An aesthetic defence of the Edward Colston statue and its sculptor

Statue of slave trader Edward Colston, retrieved from the water after being toppled in a Black Lives Matter protest is now on display at M Shed museum, Bristol.
Statue of slave trader Edward Colston, retrieved from the water after being toppled in a Black Lives Matter protest is now on display at M Shed museum, Bristol. Photograph: Ben Birchall/PA

It is perhaps a little ironic that a professor of public history at the University of Manchester should dismiss, and in the Guardian moreover, the sculptor John Cassidy’s now notorious statue of Edward Colston as a “mediocre piece of late-Victorian public art” (‘A potent historical artefact’: the statue of Edward Colston’s new role, 4 June).

Cassidy (1860-1939) was a Mancunian sculptor, whose Victoria jubilee fountain adorns Albert Square and whose masterpiece, the allegorical group Adrift, is a prominent feature of St Peter’s Square. It represents, he wrote, “the dependence of human beings upon one another, the response of human sympathy to human needs”.

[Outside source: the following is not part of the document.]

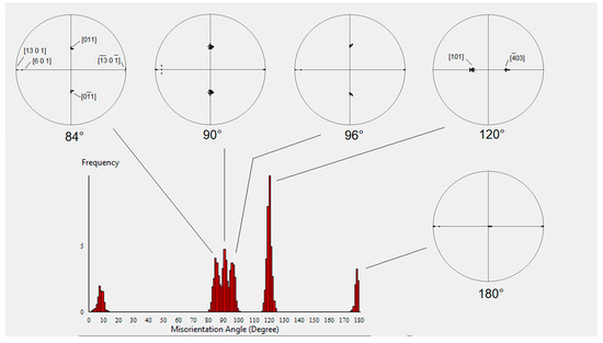 Taking into account all the variants of all the ORs and all their misorientations, we can now simulate the disorientation histogram and the stereographic projection of the rotation axes corresponding to the histogram peaks, as shown in Figure 12.

Cassidy was associated with the New Sculpture movement in the 1880s and 1890s, which reflected particularly the influence of Rodin. In its imagery, Adrift also looks back to Géricault’s Raft of the Medusa. Colston’s intriguing pose seems a conscious echo of Rodin’s Thinker, and the sculpture’s lively modelling is Rodinesque. From a purely aesthetic point of view, it is somewhat more than “mediocre”, I would say.

Cassidy was an Irish Catholic with revolutionary sympathies (he was involved in a memorial to Wolfe Tone in 1898) who moved to Manchester at the age of about 20 and remained there all his life. It seems unlikely that the Bristol admirers of Colston who commissioned the statue bothered to inform him of Colston’s violent anti-Catholicism and rabid Toryism, let alone the slave trading.